Meta-learning of Gibbs states for many-body Hamiltonians with applications to Quantum Boltzmann Machines
Ruchira V Bhat, Rahul Bhowmick, Avinash Singh, Krishna Kumar Sabapathy
TL;DR
This work tackles the challenge of efficiently preparing quantum Gibbs states for parametrized many-body Hamiltonians on NISQ devices. It introduces two meta-learning frameworks, Meta-VQT and NN Meta-VQT, to learn a single, generalizable circuit that outputs Gibbs states $\rho(\vec{h})$ across unseen Hamiltonian parameters by encoding $\vec{h}$ into the circuit and optimizing a finite-temperature Gibbs free energy objective. The methods demonstrate accurate Gibbs-state generation for the Transverse Field Ising Model up to 8 qubits, robust finite-temperature behavior in a Kitaev ring, and substantial speedups in Quantum Boltzmann Machine training (up to 30×) compared with VarQITE-based approaches, with NN Meta-VQT providing superior scalability in larger systems. These results indicate a scalable, practical route to memory-efficient Gibbs-state preparation and accelerated quantum-machine-learning workflows on near-term devices.
Abstract
The preparation of quantum Gibbs states is a fundamental challenge in quantum computing, essential for applications ranging from modeling open quantum systems to quantum machine learning. Building on the Meta-Variational Quantum Eigensolver framework proposed by Cervera-Lierta et al.(2021) and a problem driven ansatz design, we introduce two meta-learning algorithms: Meta-Variational Quantum Thermalizer (Meta-VQT) and Neural Network Meta-VQT (NN-Meta VQT) for efficient thermal state preparation of parametrized Hamiltonians on Noisy Intermediate-Scale Quantum (NISQ) devices. Meta-VQT utilizes a fully quantum ansatz, while NN Meta-VQT integrates a quantum classical hybrid architecture. Both leverage collective optimization over training sets to generalize Gibbs state preparation to unseen parameters. We validate our methods on upto 8-qubit Transverse Field Ising Model and the 2-qubit Heisenberg model with all field terms, demonstrating efficient thermal state generation beyond training data. For larger systems, we show that our meta-learned parameters when combined with appropriately designed ansatz serve as warm start initializations, significantly outperforming random initializations in the optimization tasks. Furthermore, a 3- qubit Kitaev ring example showcases our algorithm's effectiveness across finite-temperature crossover regimes.

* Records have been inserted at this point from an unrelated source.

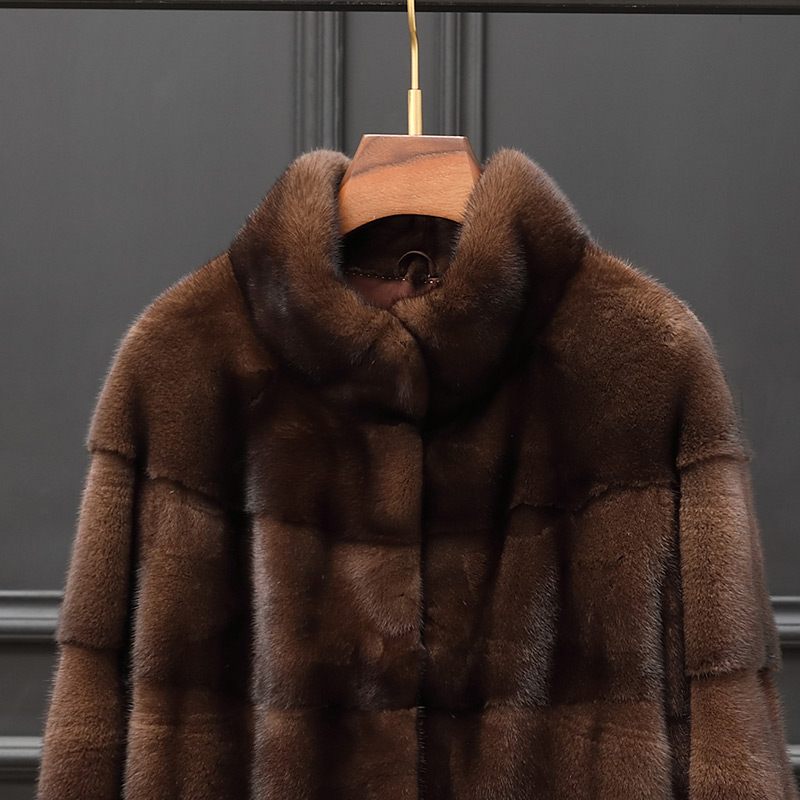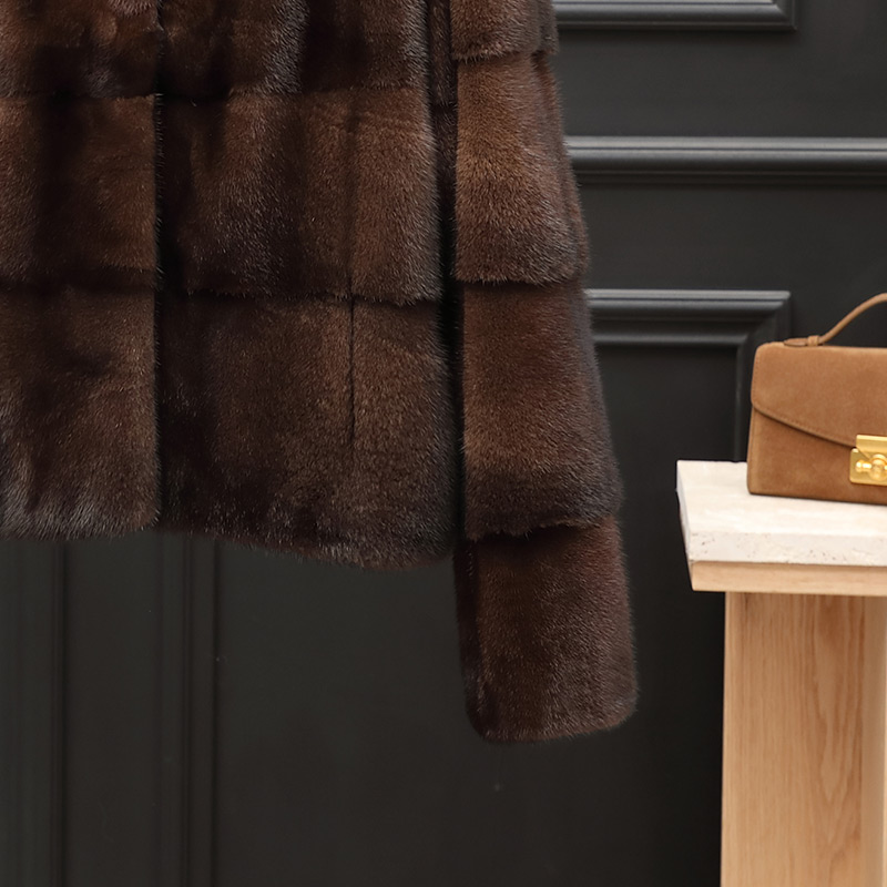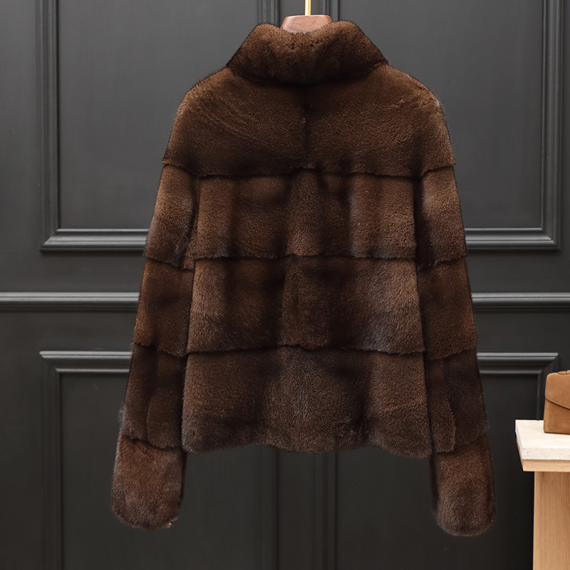 2025新款 横排夹克海宁整貂皮草外套修身 立领长袖 水貂皮大衣女短款
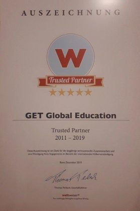 Die Arbeit von GET Global Education Tumulka ist mit einem ganz besonderen Award honoriert worden: Die renommierte internationale Bildungsberatung wurde für ihr Engagement im Bereich der internationalen Völkerverständigung ausgezeichnet. Verliehen wurde der Trusted Partner Award von Weltweiser ®. GET fühlt sich sehr geehrt, da diese Auszeichnung Beweis dafür ist, dass das Leitmotiv von GET – […]
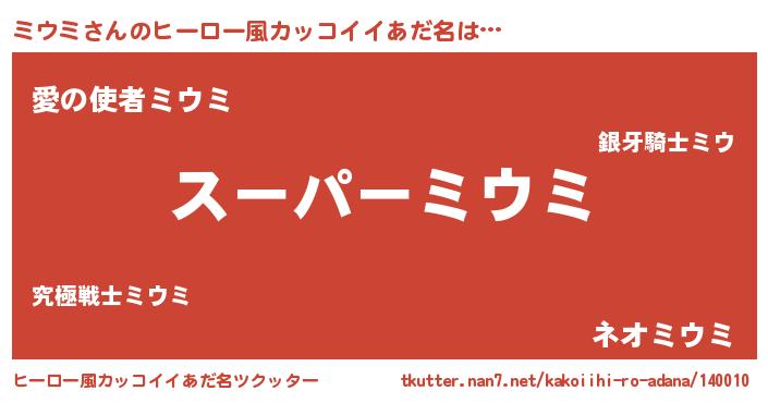 | ポケモン風あだ名 | 『ミウゴンZ』『ミウチュウ』 |

Finally, we apply our algorithms to train a Quantum Boltzmann Machine (QBM) on a 2-qubit Heisenberg model with all field terms, achieving enhanced training efficiency, improved Gibbs state accuracy, and a 30-fold runtime speedup over existing techniques such as variational quantum imaginary time (VarQITE)-based QBM highlighting the scalability and practicality of meta-algorithm-based QBMs.